Food is a massive part of our life – and for a good reason! With the earth’s population nearing 8 billion and increasing, growing and producing food is an ever-essential market. There’s no need to be a farmer, though, to be involved with the agricultural trading system.
Many investors use agricultural commodity trading systems as an effective way to diversify their financial portfolio and tap into an expanding market. By relying on accurate data and analysis tools from DTN, it is possible to successfully invest in various agricultural commodities.
What are the best agricultural commodities to trade, and how can you get started? Let’s take a closer look at agricultural trading.
What Is Agricultural Commodity Trading?
A commodity is a necessary good or raw material. Included are metals such as gold or energy commodities such as oil and gas. Agricultural commodities are what you would expect from the name – goods or raw materials that are grown or produced in farms. Common agricultural commodities include dairy products, wheat, and coffee.
You can invest in and “trade” these products virtually, without running a farm and purchasing and storing the items yourself. It may be accomplished through different trading systems, most often through futures contracts, ETPs, and CFDs.
Agricultural products are something we use every day. As food is a basic human need, agricultural products’ demand will only grow as the world’s population increases. That is why many see agricultural trading as a sustainable, profitable industry for investment.
If you’re looking at getting started with agricultural trading, where should you get started? We will look at the top three agricultural commodities you can trade and the factors influencing their market prices.
Corn is an essential grain, with over 1 billion metric tons produced each year. While you might be most familiar with corn roasted with butter as a tasty side dish, corn plays a vital role in ethanol production and livestock feed.

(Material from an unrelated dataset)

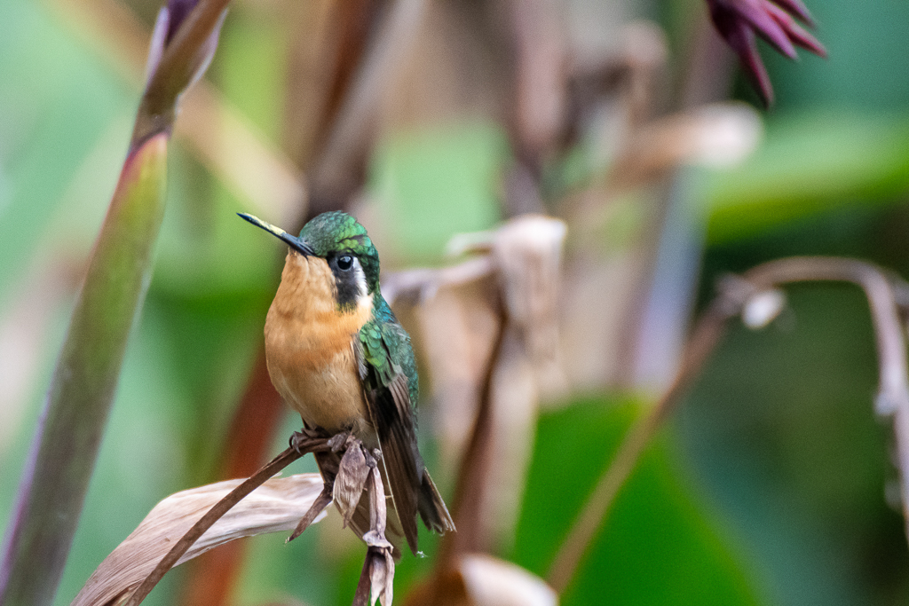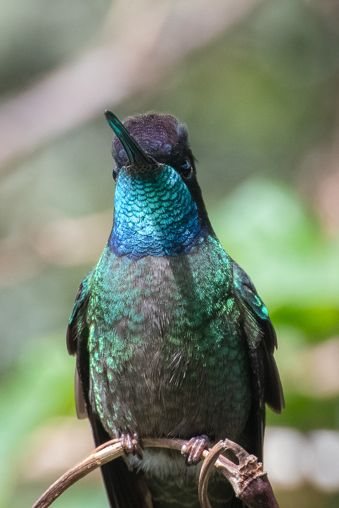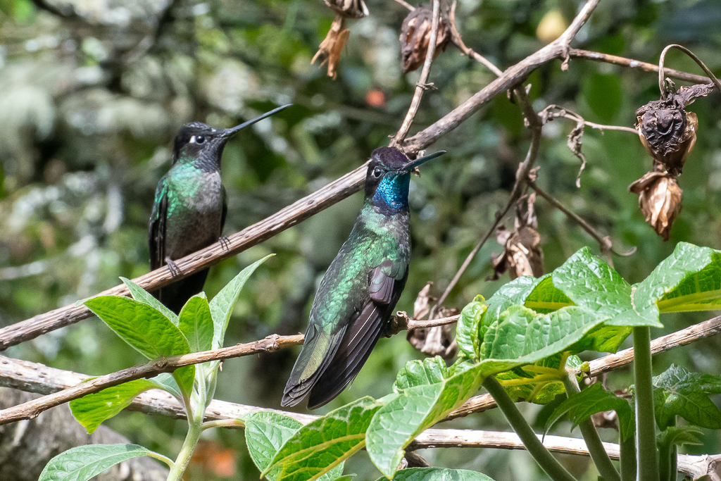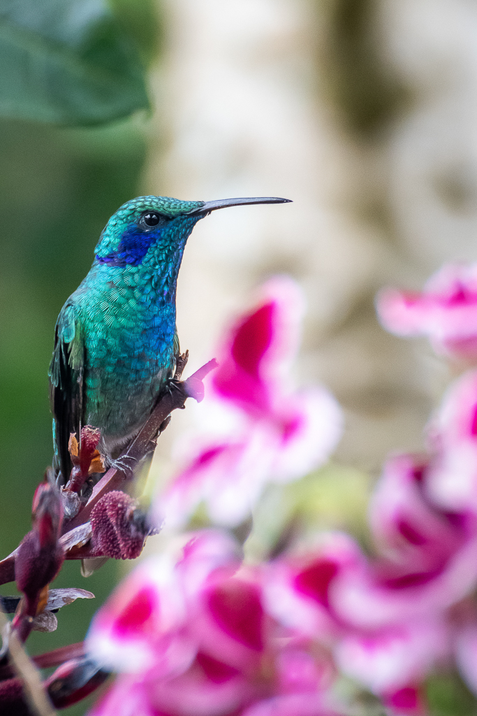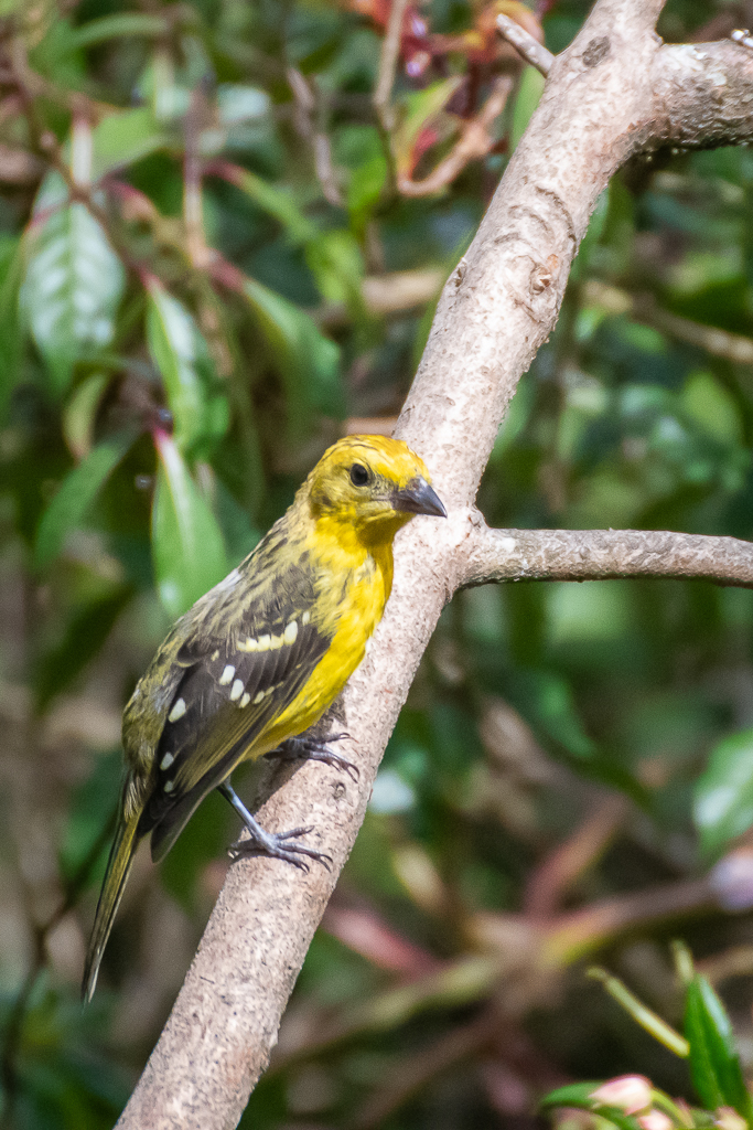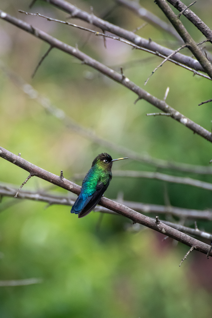 Descending into the San Gerardo de Dota Valley, we pulled in at the unassuming Miriam’s Quetzals. Climbing out of the car, stretching after a long stint on the road, we weren’t sure what to expect as we headed through the bright and airy café and out onto the back veranda. But we were met with such a magical sight! Tall aguacatillo trees, colourful flowers, feeding stations and a full rainbow of exotic birds! Naturally we watched and photographed for ages. Here’s a little gallery including flame-coloured tanagers (yellows are female and oranges are males), acorn woodpeckers, a blue-grey tanager and, of course, plenty of hummingbirds.

The contracts for corn trading are in sizes of 5000 bushels. Traders use diverse ETFs (a group of investments that include corn and other raw materials) or future contracts, which result in a profitable trading system.
Factors That Influence Market Prices of Corn
When predicting the market prices for corn, there are various factors you will want to analyze. The cost of gas or oil can affect corn prices – if they are high, the demand for ethanol can increase, leading to an increase in demand for corn.
Corn is also a seasonal crop, with more price variation occurring during the summer. Of course, if severe weather damages crops, it may affect supply and the corresponding market price.
In the U.S., the top corn-producing states are Iowa, Nebraska, and Illinois. Knowing the weather and crop reports for corn-producing states is helpful to understand market trends.
Naturally, the target use for livestock is meat consumption. In developed countries, there is a decrease in meat consumption each year due to the increasing popularity of vegetarian and vegan diets.
In contrast, most countries with expanding economies see an increase in the demand for meat. In addition to meat products, the livestock market provides products like gelatin and leather.
Effective trading systems include ETFs, a group of investments with various livestock, including cattle or futures contracts. The contract unit is 50,000 pounds, or approximately 23 metric tons, for cattle.
There are two categories: feeder cattle and live cattle. The feeder cattle are the cows that are weaned and ready to be fed a high-energy diet, so they become live cattle that are big enough to be slaughtered.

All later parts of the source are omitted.